Is your company growing or scaling? What’s the difference and why should you care?

We talk about business growth. We talk about scaling a company. Often interchangeably.

Same thing? Nope.

Growing a business comes from a single-minded pursuit of increasing revenues. Scaling a business involves achieving exponential growth without proportionately increasing costs, achieving economies of scale.

Growth for the sake of growth is a small business mantra that keeps you small. It typically means growing organically adding resources as you need them to handle market and customer demands.

Focus on growth and growth alone and your business likely never gets beyond $3M-$5M in revenue with just enough profits to make you and your executive team feel comfortable.

Scaling your business means building an organization that grows way beyond the founder/owner.

Scaling companies take on a life of their own. They make markets and lead the competition. They advance innovation. They can deliver a 5X to 10X ROI year after year.
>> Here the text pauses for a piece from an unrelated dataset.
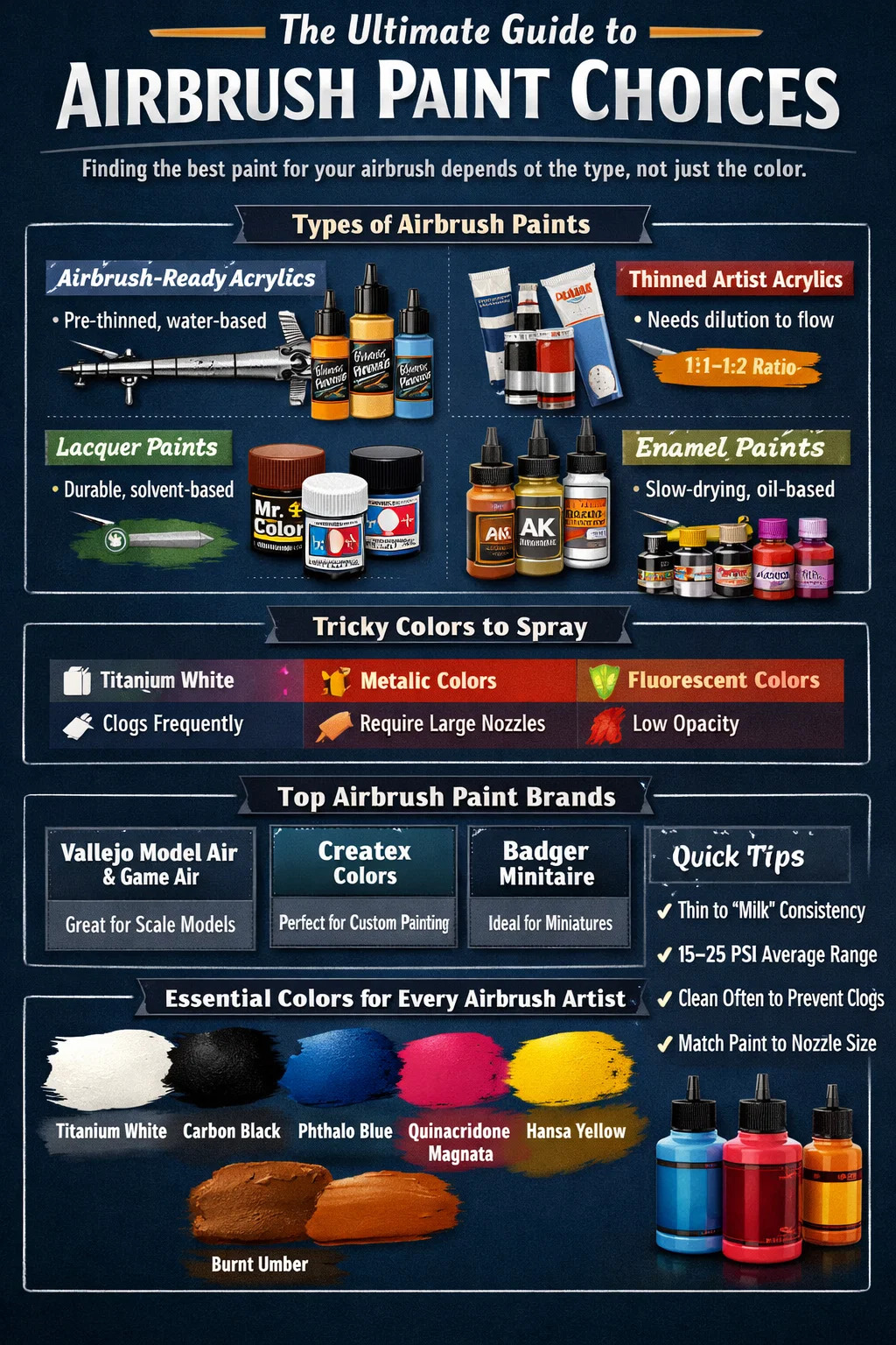 Jos haluat suoran vastauksen ilman kiertoteitä - airbrush-valmiit akryylimaalit ovat paras valinta useimmille airbrush-käyttäjille , maalaatpa pienoismalleja, mukautettuja tennareita, kakkutaidetta, vartalomaalausta tai taidekankaita. Ne ovat vesipohjaisia, myrkyttömiä, nopeasti kuivuvia, ja niissä on tarpeeksi hienoja pigmenttihiukkasia, jotta ne voivat virrata airbrush-suuttimien läpi tukkeutumatta. Tuotemerkit, kuten Vallejo, Createx ja Badger Minitaire, johtavat tässä kategoriassa hyvästä syystä.

Scaling companies can earn a spot on the Inc. 5000 and eventually the Fortune 500.

How to Avoid the Growth Trap

The first step in building a scaling company is avoiding the growth trap mindset. That is a mindset that focuses on gradually expanding the customer base. The emphasis is on steady progress, risk management, and maintaining profitability.

By contrast, scaling a company requires a different mindset. It involves designing and implementing systems that allow for rapid growth without sacrificing efficiency or quality. Scalability relies on leveraging technology, automation, and economies of scale to drive exponential growth and capture new markets.

My client, Premier Packaging, a specialty packaging manufacturer, was known for solving unique packaging challenges. One great example was the boutique cupcake maker who was losing sales because every time she took her cupcakes to local farmers markets in the back of her truck, the cupcakes bounced around and the icing got on the lid and ruined her product. Who wants to eat their cupcake off a lid? Premier solved the problem by adding small pins to a standard package that held the cupcakes in placed while they traveled. An Innovative, creative solution!

Premier grew as a custom packaging manufacturer but not fast enough. The CEO wanted to scale to outrun a competitor.  To scale Premier had to move beyond custom packaging and focus on a line of standard packages. Using the cupcake solution as an expansion strategy, Octain helped them with a product innovation strategy for that standardize their cupcake pin solution and reposition the company as the go-to manufacturer for wholesale bakery packaging. The result was a revenue increase of 183% over the next two years.

Six Steps to Scalable Growth

Here are six steps that will help your team achieve scalable growth.

  1. Market Expansion: Identifying new markets or customer segments to reach and expanding geographical reach.
  2. Product Diversification: Introducing new products or services to cater to different customer needs and preferences as we did with Premier.
  3. Operational Efficiency: Streamlining processes, automating tasks, and improving productivity to handle increased demand.
  4. Scalable Infrastructure: Building robust and flexible systems. Scalable businesses prioritize building flexible systems and processes that can handle increased demand and maintain consistency as the company grows.
  5. Talent Acquisition: Hiring and retaining skilled employees to meet the growing demands of the business.
  6. Customer Acquisition and Retention: Implementing effective marketing and customer retention strategies to attract and retain a larger customer base.

 

Invest in Marketing Operations

When a CEO or business owner focuses on scaling they typically look first to business and financial operations.

No problem – unless you stop there!

When you invest in business and financial operations and forget about marketing by continuing to do stuff like basic lead generation you simply won’t achieve the highest level of scalability.

When you skip marketing, you only address 3, 4, and 5 of the steps: operational efficiency, infrastructure and talent acquisition.

You’ll miss out on 1, 2 and 6: market expansion, product diversification and customer acquisition.

That’s half the battle!

Marketing operations makes the difference between growth and scalability because it focuses on delivering more efficient and effective marketing solutions, increasing profit margins and ROI not just revenue.

With marketing operations integrated into your organization you can create growth at scale.